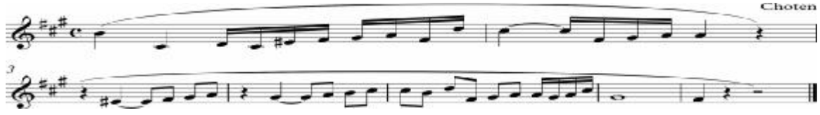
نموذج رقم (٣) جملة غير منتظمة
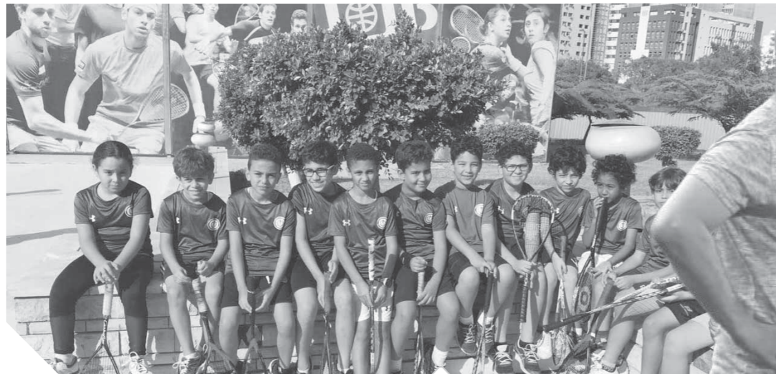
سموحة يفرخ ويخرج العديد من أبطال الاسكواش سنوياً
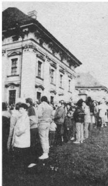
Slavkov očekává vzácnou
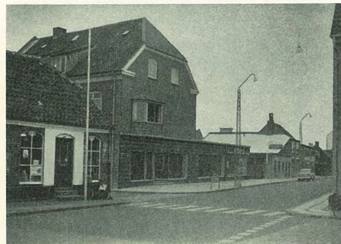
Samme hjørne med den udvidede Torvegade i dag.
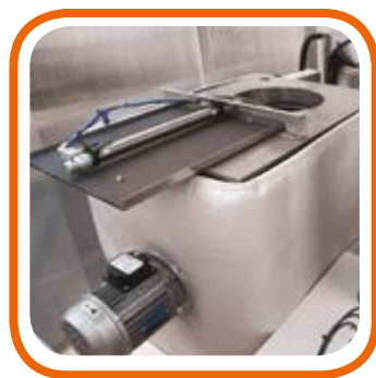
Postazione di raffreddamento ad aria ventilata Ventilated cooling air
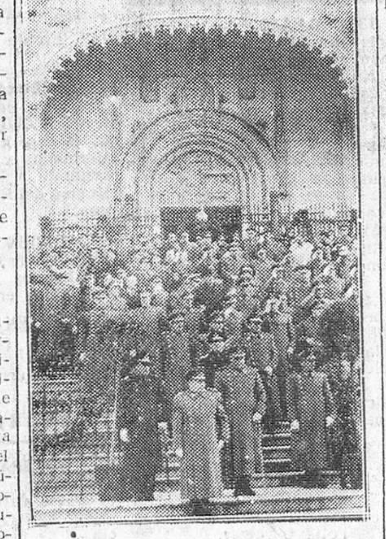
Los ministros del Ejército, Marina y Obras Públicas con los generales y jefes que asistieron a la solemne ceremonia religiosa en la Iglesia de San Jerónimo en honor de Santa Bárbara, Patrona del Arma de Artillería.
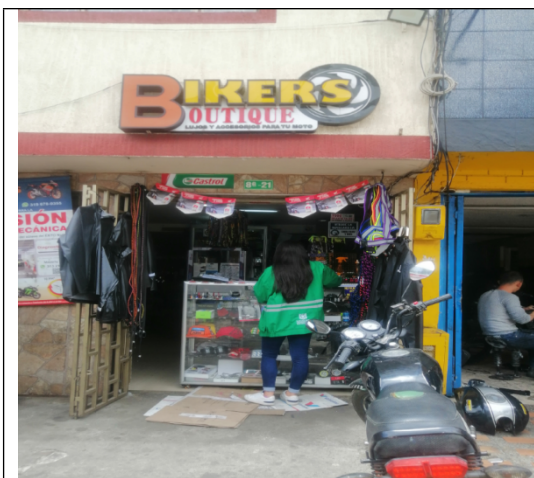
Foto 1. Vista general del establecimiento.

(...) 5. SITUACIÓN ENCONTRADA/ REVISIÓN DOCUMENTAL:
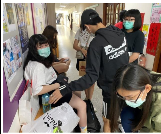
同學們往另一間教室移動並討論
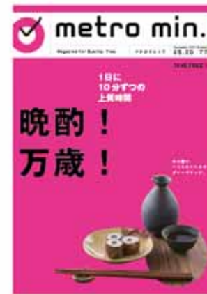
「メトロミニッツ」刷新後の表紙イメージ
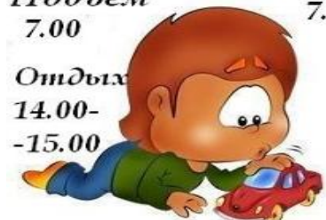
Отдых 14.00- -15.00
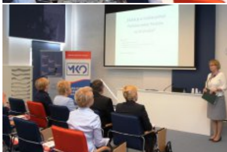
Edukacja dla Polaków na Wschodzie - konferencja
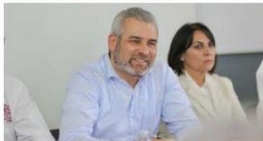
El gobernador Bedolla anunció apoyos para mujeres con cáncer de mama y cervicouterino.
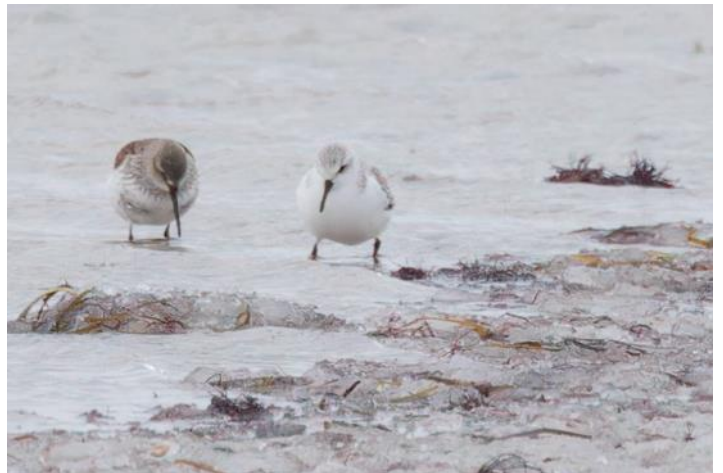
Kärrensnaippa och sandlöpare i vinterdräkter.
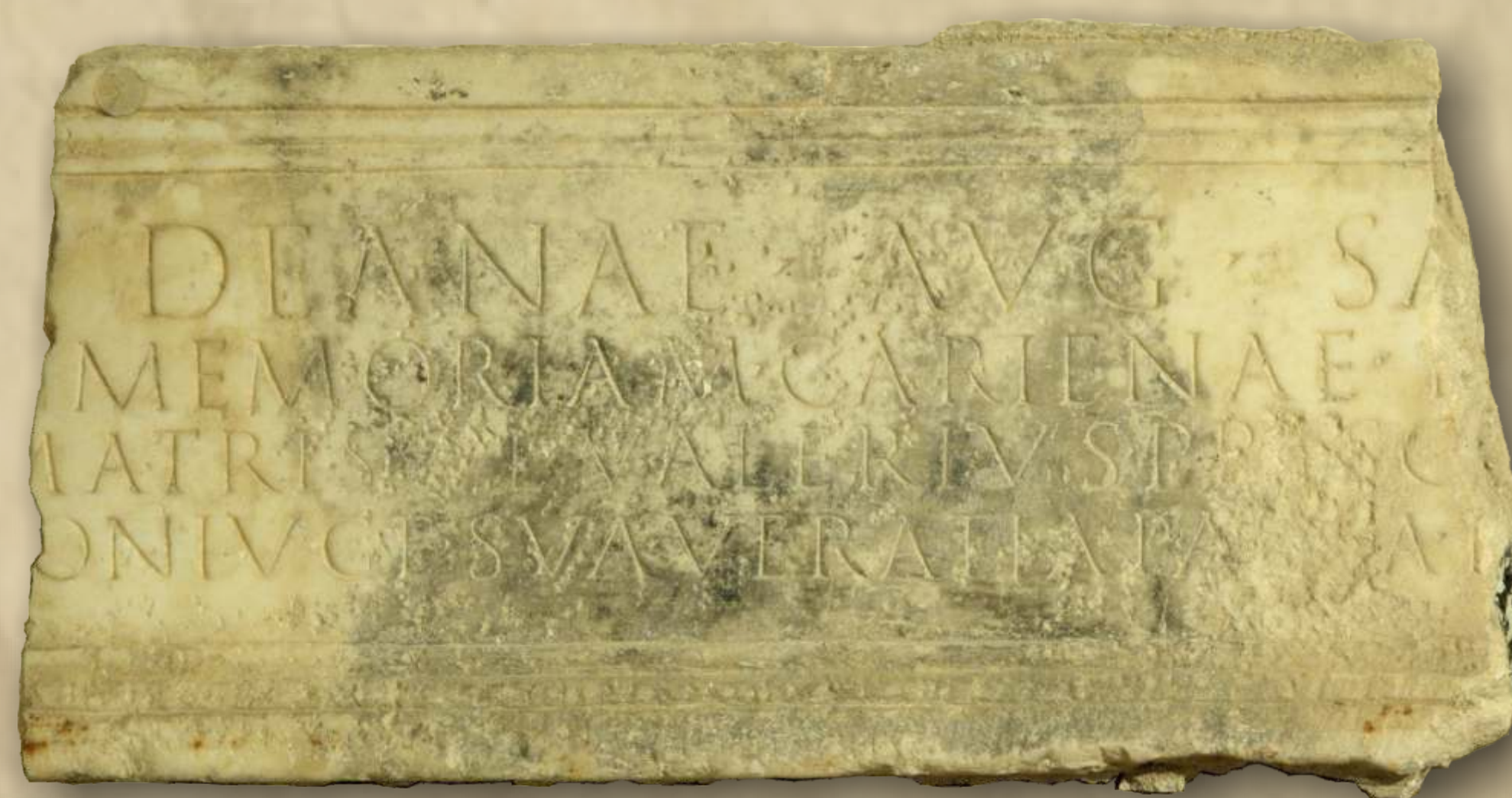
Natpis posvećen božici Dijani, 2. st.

# # #

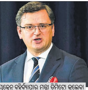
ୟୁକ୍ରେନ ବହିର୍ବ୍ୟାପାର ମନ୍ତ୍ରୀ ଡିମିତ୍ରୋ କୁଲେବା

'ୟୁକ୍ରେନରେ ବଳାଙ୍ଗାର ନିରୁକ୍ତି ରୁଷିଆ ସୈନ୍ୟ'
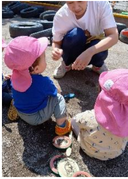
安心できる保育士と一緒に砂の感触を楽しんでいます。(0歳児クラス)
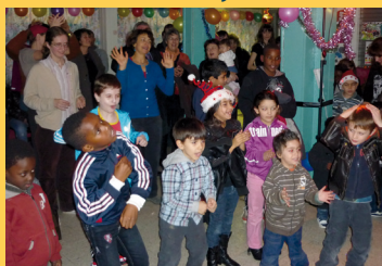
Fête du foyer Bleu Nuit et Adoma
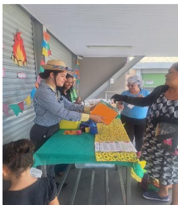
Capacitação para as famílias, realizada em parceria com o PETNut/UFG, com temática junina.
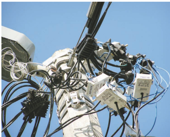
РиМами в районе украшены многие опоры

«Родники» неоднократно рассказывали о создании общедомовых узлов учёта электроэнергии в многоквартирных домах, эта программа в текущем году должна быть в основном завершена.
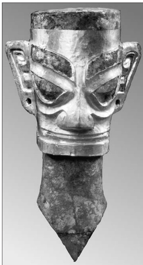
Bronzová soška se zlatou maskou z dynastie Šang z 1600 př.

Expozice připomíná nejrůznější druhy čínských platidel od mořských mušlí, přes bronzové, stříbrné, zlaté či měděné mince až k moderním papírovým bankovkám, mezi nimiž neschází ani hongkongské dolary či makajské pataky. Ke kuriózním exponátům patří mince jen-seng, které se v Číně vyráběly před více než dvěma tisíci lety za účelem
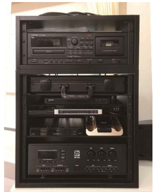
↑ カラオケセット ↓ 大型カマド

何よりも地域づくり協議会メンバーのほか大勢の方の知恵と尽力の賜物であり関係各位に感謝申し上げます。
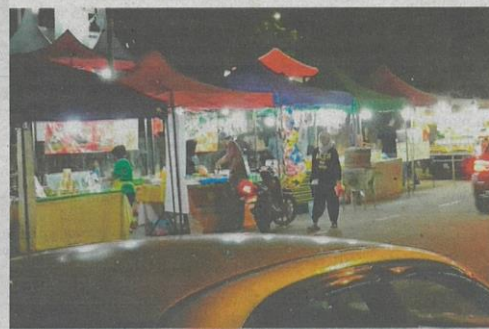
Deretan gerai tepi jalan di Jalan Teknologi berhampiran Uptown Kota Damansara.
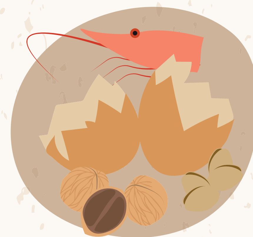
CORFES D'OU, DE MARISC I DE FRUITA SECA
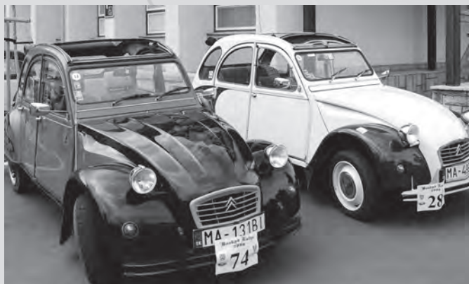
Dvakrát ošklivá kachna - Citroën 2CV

# # #

Search the material above for the word "para", then copy each line that holds it.

El gobernador Bedolla anunció apoyos para mujeres con cáncer de mama y cervicouterino.
Capacitação para as famílias, realizada em parceria com o PETNut/UFG, com temática junina.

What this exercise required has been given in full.